Não olhe para cima

Ficha técnica


País


Sinopse

Uma dupla de astrônomos descobre que um cometa irá se chocar com a Terra, acabando com a vida no planeta. Quando tentam alertar a humanidade, eles recebem as reações mais estranhas, do negacionismo ao desespero.


Nota Cineweb

PéssimoRuimRegularBomÓtimo


Crítica Cineweb

27/12/2021

Não é nada difícil para o público – especialmente o brasileiro – identificar figuras reais nas personagens de Não Olhe Para Cima. Dos políticos de extrema-direita aos cientistas que ninguém ouve, passando por negacionistas e uma mídia manipuladora e superficial. Estão todos em cena na comédia satírica escrita e dirigida por Adam McKay (Vice). Nela, um cometa gigante se aproxima da Terra. Sua colisão acabará com a vida no planeta, mas nem todo mundo leva isso a sério – na verdade, a maior parte da humanidade duvida da existência de tal corpo celeste, outra boa parte diz estar feliz pelas oportunidades econômicas que o desastre pode trazer.
 
Sátira é um campo minado que depende de referências. O público precisa, antes de mais nada, saber o que e/ou quem está sendo satirizado, e aqui é bem fácil de perceber isso - McKay sabe exatamente com o que e para quem está jogando. Ele faz a alegria da arquibancada ridicularizando uma presidente direitista (Meryl Streep) ou colocando como mártires uma dupla de astrônomos (Leonardo DiCaprio e Jennifer Lawrence). Há também o filho imbecilizado da governante (Jonah Hill) e uma dupla de apresentadores (Cate Blanchett e Tyler Perry) de um talk show matinal, idiotizados para um público semelhante a eles.
 
Como transformar em sátira figuras que são ridículas por natureza?
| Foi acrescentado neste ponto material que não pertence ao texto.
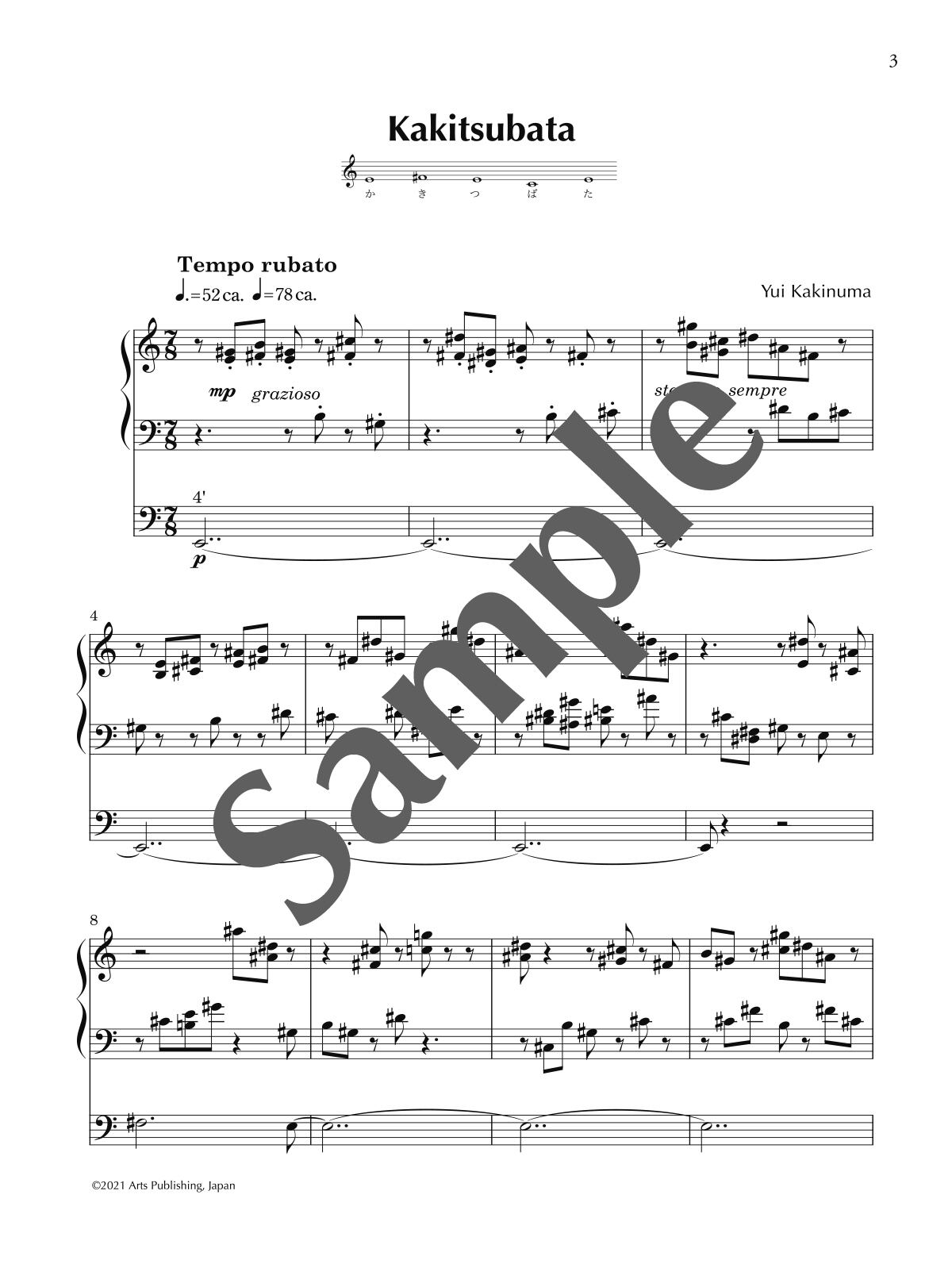 「かきつばた」の五文字に当てはめた五音のモットーを定旋律にしている。都節音階による日本的な特徴を持たせ、同時に聖霊降臨祭のグレゴリオ聖歌Veni Creator Spiritusの最初の部分とも共通する音形、mi-fa♯-mi-do-mi。初夏の風に乗せて夢幻の世界に遊ぶ。

A resposta não está em Não Olhe Para Cima que, como cinema, vale-se de todo os subterfúgios que McKay já havia utilizado em seus filmes anteriores, como um falatório sem fim e cortes rápidos. Mostra-se, assim, pobre em suas escolhas formais, optando pela metralhadora giratória verbal sem dar chance para seu público pensar. Não que seja destituído de bons momentos ou engraçados – mas são bem menos do que o diretor imagina estar proporcionando.
 
Não olhe para cima está dizendo que boa parte da humanidade é incapaz de pensar mesmo que sua vida, literalmente, dependa disso, e que tudo se tornou espetáculo. O sociólogo francês Jean Baudrillard já havia dito isso, e de maneira bem melhor, meio século atrás. No programa de televisão, por exemplo, o Dr. Mindy (DiCaprio) sai-se bem melhor do que sua orientanda, Dibiasky (Lawrence), por pura sorte, ao jogar o jogo que o público televisivo quer, ao contrário da jovem, que surta em rede nacional – levando a destruição do planeta a sério – e se torna um meme.
 
Há também um empreendedor robótico – encarnado com gosto e picardia por Mark Rylance – que se torna o principal doador da missão planejada pela presidenta para destruir o cometa. Na verdade, obviamente, tudo é feito em vista o eleitorado e os consumidores. Mas morto não vota nem compra, então é preciso salvar a humanidade pelo bem da política e da economia.
 
Não é exagero pensar que McKay mirou numa sátira absurda e maluca ao nível de Dr. Fantástico, mas Kubrick, obviamente, ele não é. Aqui, o diretor quer sempre estar um passo à frente do público, bancando o sabichão. Fosse um filme feito dois anos atrás, Não olhe para cima teria outro efeito. Neste momento, talvez já estamos todos cansados dos personagens e das situações no filme. Todo o cinismo de butique aqui talvez também esteja enfraquecido, pois, com altos e baixos, houve um objetivo em comum nesses últimos anos, e, apesar das provações políticas, sociais, econômicas e científicas, surgiram vacinas num tempo recorde.